Financial Abuse Still a Woman’s Problem

Every year, thousands of people search the web for the phrase ‘financial abuse’. Many find their way to my website. I suspect most of those searches are by women.

They search for information because they are trapped in relationships in which they fear their mate, or don’t know their legal rights. Perhaps they fear for their children and don’t know where to get help. They also know that their mate is capable of escalated abuse.

That’s why it’s important for women to understand that financial control can be a precursor to future physical and emotional abuse. Women find out too late that the husband or boyfriend won’t talk about money. He is really saying “I’m in charge here”.

Many wives suffer in silence, thinking that such controlling behavior is a personality quirk. It’s not a quirk; it’s a sign and you should pay attention to it.  It’s not protective; it’s not loving. It’s a desire to control the relationship. If you’re married,  you are legally entitled to know what’s happening financially in your marriage.

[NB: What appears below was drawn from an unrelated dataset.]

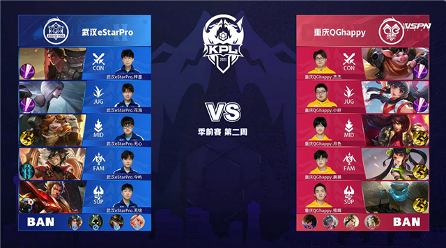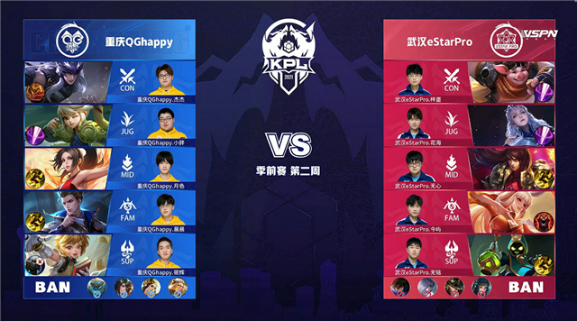 直播车 3月18日2021KPL春季赛季前赛第二周第一日比赛,由重庆QGhappy对阵武汉eStarPro,以下是本场比赛快讯。

You may know someone who you suspect is financially abused. On the other hand, you may not know that your neighbor, acquaintance or friend is a financial hostage because she won’t tell you. She’s afraid to rock the boat, fearful for her children, knowing that her hands are tied financially.

You may know her husband, and never suspect a thing. He’s not out of control or under the influence of drugs or alcohol. He can be charming, an upstanding member of the community, the life of the party. He can also be a control freak with the intent to isolate his wife into a state of total financial dependence.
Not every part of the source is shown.